Elle prend donc son petit leggin Addidov, ses baskets Pouma, son top Nikevitch et une bonne serviette bien moelleuse, met le tout dans une malle, qu’elle charge sur un diable, se coiffe d’un châle d’un goût douteux, enfile ses sabots dondaines et s’en va. Dans la rue pavée, elle a bien du mal à tirer cette lourde malle. Fait alors irruption le délégué syndical Michovna. Michovna est toute guilleret car c’est la Révolution. Il distribue des tracts pour la grande kermesse annuelle de la paroisse. Michovna voit que Barboura a du mal avec son diable et sa malle de sport. Il se propose de l’aider en montant dans la malle. Proposition alléchante que Barboura, qui est conne comme son châle, accepte et repart avec Michou dans ses bagages en direction de son Club.

Quelques heures plus tard, alors que Michovna a demandé à ce que l’on fasse une pose chez le marchand de boulettes de viandes, qu’il en a profité pour acheter le 45 tour de la chanteuse Dalidovna et le livre témoignage « Ma vie en shorty », œuvre posthume d’un certain Poupouchkikine, Barboura en a marre et décide de jeter la malle dans la Moskova, tant pis pour ses affaires de sports que Michovna a d’ailleurs toutes détendues en les mettant.

Michovna dérive jusqu’en mer Caspienne.
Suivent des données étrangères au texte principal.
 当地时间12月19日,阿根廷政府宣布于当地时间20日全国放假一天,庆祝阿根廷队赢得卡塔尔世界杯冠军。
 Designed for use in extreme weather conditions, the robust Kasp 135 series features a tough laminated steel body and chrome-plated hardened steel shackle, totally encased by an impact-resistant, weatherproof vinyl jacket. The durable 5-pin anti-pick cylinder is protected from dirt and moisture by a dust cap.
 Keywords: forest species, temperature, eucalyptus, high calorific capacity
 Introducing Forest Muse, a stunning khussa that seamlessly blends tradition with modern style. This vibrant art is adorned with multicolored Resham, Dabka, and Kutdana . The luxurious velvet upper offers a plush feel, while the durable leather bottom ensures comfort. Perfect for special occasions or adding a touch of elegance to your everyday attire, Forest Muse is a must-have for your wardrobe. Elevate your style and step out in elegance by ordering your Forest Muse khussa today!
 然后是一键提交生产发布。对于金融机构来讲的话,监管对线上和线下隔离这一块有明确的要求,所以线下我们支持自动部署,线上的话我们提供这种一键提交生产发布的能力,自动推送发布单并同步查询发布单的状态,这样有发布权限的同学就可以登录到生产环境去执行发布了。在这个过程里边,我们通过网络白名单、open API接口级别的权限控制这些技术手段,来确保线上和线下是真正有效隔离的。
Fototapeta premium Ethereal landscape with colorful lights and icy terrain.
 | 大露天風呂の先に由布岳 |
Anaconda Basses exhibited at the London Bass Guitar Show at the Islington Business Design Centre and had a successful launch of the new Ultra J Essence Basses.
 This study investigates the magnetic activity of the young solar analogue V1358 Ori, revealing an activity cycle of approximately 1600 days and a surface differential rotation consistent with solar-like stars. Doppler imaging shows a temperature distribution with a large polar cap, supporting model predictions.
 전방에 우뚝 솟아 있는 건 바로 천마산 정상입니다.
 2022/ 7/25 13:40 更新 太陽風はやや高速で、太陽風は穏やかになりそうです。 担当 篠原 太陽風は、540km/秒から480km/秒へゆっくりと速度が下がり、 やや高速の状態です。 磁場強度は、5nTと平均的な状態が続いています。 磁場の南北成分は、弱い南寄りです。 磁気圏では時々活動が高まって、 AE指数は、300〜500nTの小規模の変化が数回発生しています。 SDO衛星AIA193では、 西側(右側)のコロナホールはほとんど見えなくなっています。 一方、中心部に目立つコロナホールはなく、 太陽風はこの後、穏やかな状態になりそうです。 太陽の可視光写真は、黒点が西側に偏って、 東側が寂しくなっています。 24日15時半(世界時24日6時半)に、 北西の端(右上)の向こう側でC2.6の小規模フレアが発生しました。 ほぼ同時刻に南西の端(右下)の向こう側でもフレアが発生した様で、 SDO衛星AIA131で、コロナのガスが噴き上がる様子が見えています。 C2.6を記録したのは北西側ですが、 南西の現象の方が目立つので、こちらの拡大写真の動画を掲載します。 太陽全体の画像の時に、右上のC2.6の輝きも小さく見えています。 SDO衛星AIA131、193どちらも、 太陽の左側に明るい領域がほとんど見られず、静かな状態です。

De là, il prend un train et débarque à Paris où il décide d’ouvrir une légumerie, joaillerie, massages thaïlandais, dépôt vente d’articles pour la chasse à la gougnotte. De là, il amasse assez d’argent pour ouvrir une mercerie. Alors, qu’il est toute contente et se fait appeler M’ame Mercière, rentre une femme. Cette femme se présente, elle lui raconte qu’elle est la belle sœur de Princess TamTam. En fait, c’est un mensonge. Elle est la filleule par alliance de Barboura et aimerait lui dire combien il a changé la vie de sa très sportive ancêtre à l’époque de la Révolution et des premiers soviets – oui, car le temps a passé, nous sommes déjà bien quelque temps plus tard.

Juste après avoir jeté la malle pleine de Michovna, Barboura Popov était rentrée chez elle… Trop tard ! En partant, elle avait malencontreusement oublié d’éteindre le gaz sous la cocotte pleine de salsifis, ce qui fait qu’elle n’avait plus rien à manger, le tout ayant brûlé. Elle était donc morte de faim. Son histoire avait tellement ému la population moscovite, que… en fait, rien n’avait changé et la révolution avait quand même eu lieu, avec l’établissement du régime communiste, les goulags, la famine en Ukraine, les procès de Moscou, la dictature et les millions de morts. Voilà.

Michovna pensait alors qu’il avait tout de même bien fait de se tirer de cette tourbe.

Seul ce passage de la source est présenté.